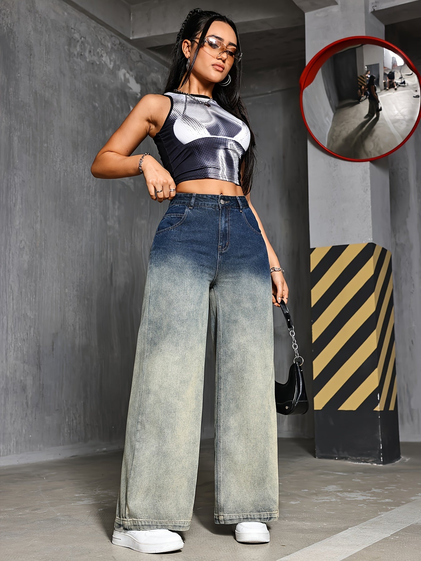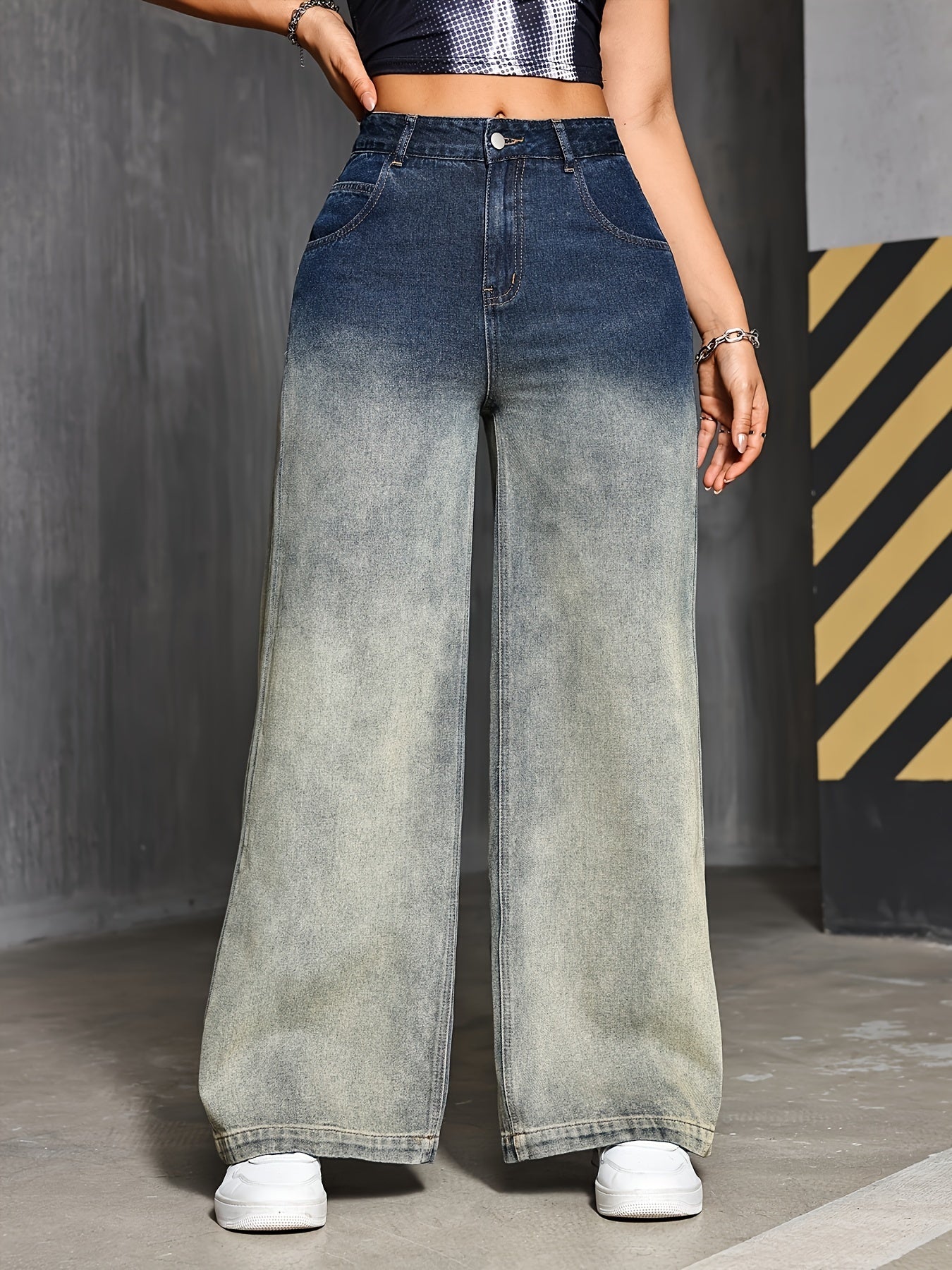 Jeans Femme Taille Haute Dégradé Jambe Large Style Street Bootcut Poches Boutons Toute Saison Confort Décontracté
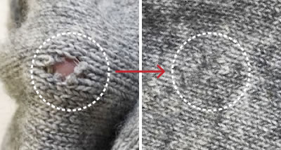 ecuvo,ブランドの商品で、通常使用の際にできた傷や起毛の衰えを修理いたします。新品交換ではありませんので修理痕が残る場合もございますが、長く大切にお使いいただければ幸いです。
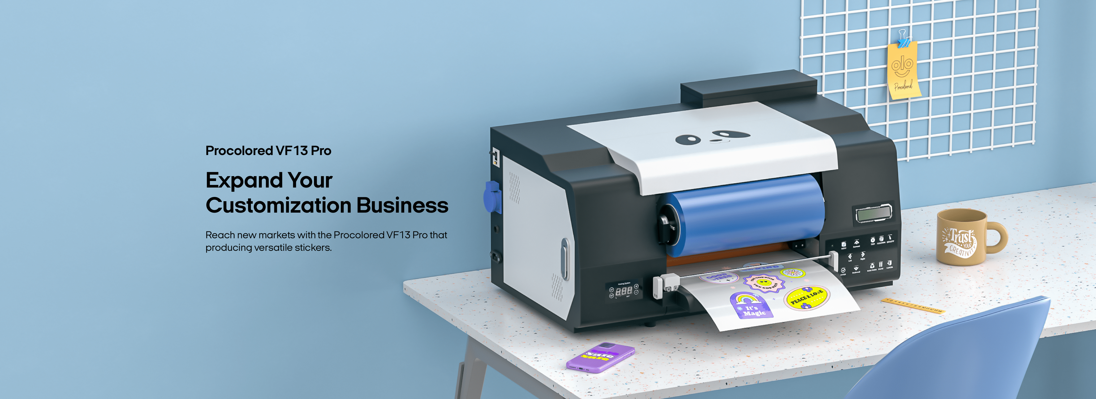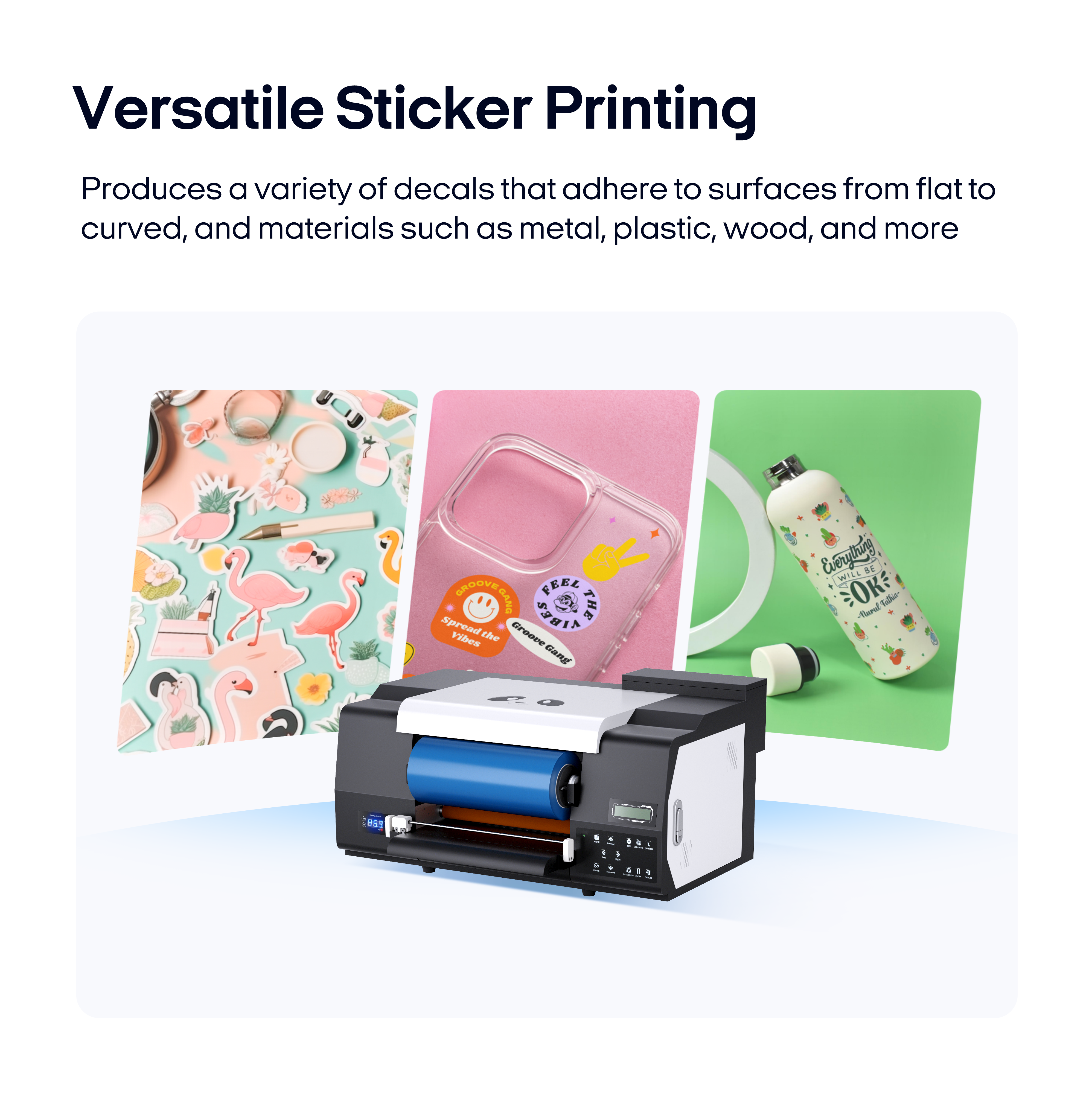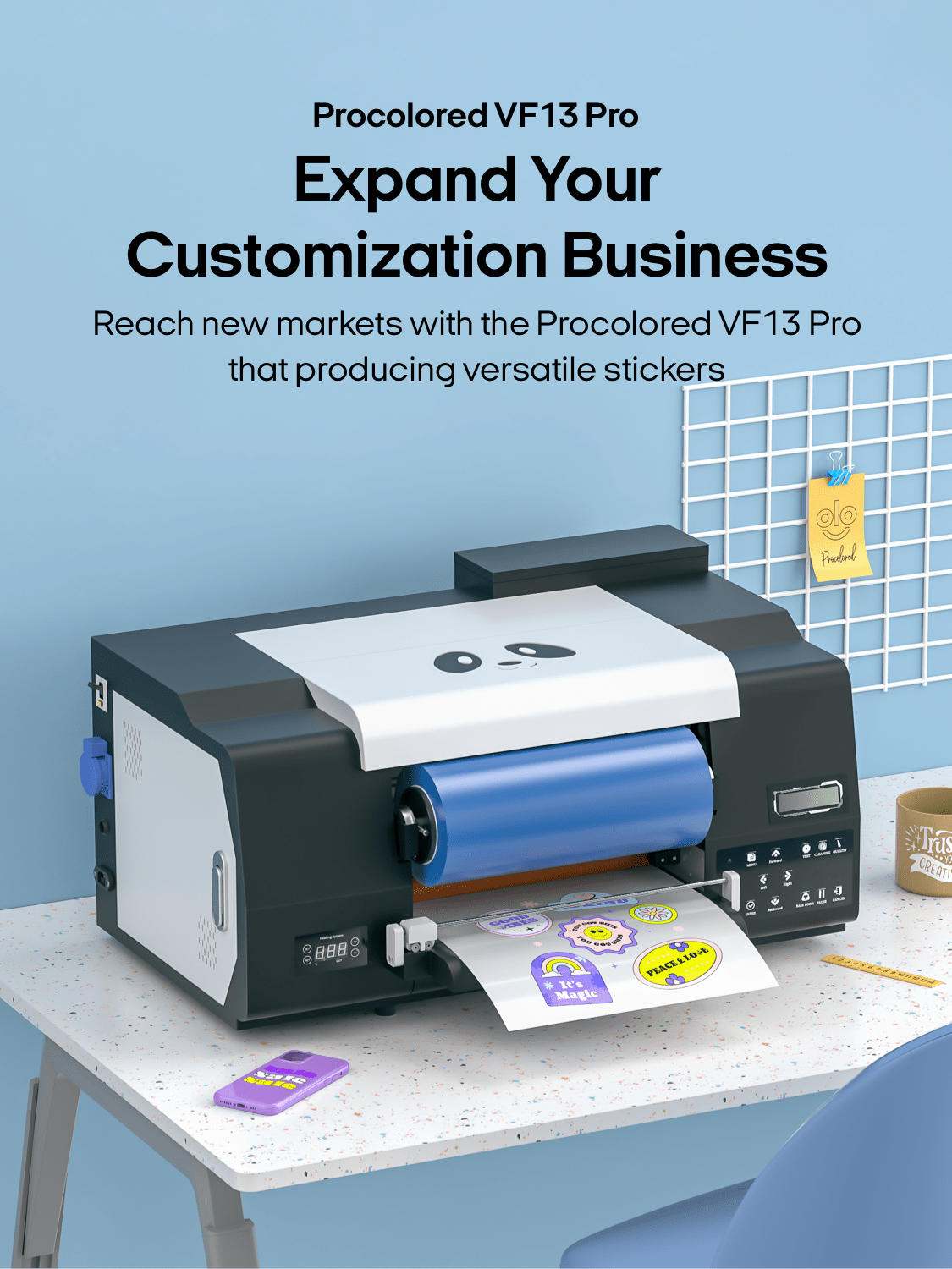 Procolored mini UV DTF printer is a two-in-one UV DTF printer, combining printing and laminating functions together. It’s an ideal machine for crystal sticker making and normally the working process involves printing (on A film first) - laminating (A B film) - transferring (from A film to B film). Crystal stickers can be pasted on irregular items, breaking through the limitation of direct printing. They can be designed and customized as cup decors, striking business logos or lovely stickers for children, and way more than these.With an mini UV DTF printer in hand, you can achieve all the decors you’ve imagined.

DESCRIPTION OF THE TASK - Across the whole listing above, repeat each line exactly and leave out the images.

THE ANSWER -
 Jeans Femme Taille Haute Dégradé Jambe Large Style Street Bootcut Poches Boutons Toute Saison Confort Décontracté
 ecuvo,ブランドの商品で、通常使用の際にできた傷や起毛の衰えを修理いたします。新品交換ではありませんので修理痕が残る場合もございますが、長く大切にお使いいただければ幸いです。
 Procolored mini UV DTF printer is a two-in-one UV DTF printer, combining printing and laminating functions together. It’s an ideal machine for crystal sticker making and normally the working process involves printing (on A film first) - laminating (A B film) - transferring (from A film to B film). Crystal stickers can be pasted on irregular items, breaking through the limitation of direct printing. They can be designed and customized as cup decors, striking business logos or lovely stickers for children, and way more than these.With an mini UV DTF printer in hand, you can achieve all the decors you’ve imagined.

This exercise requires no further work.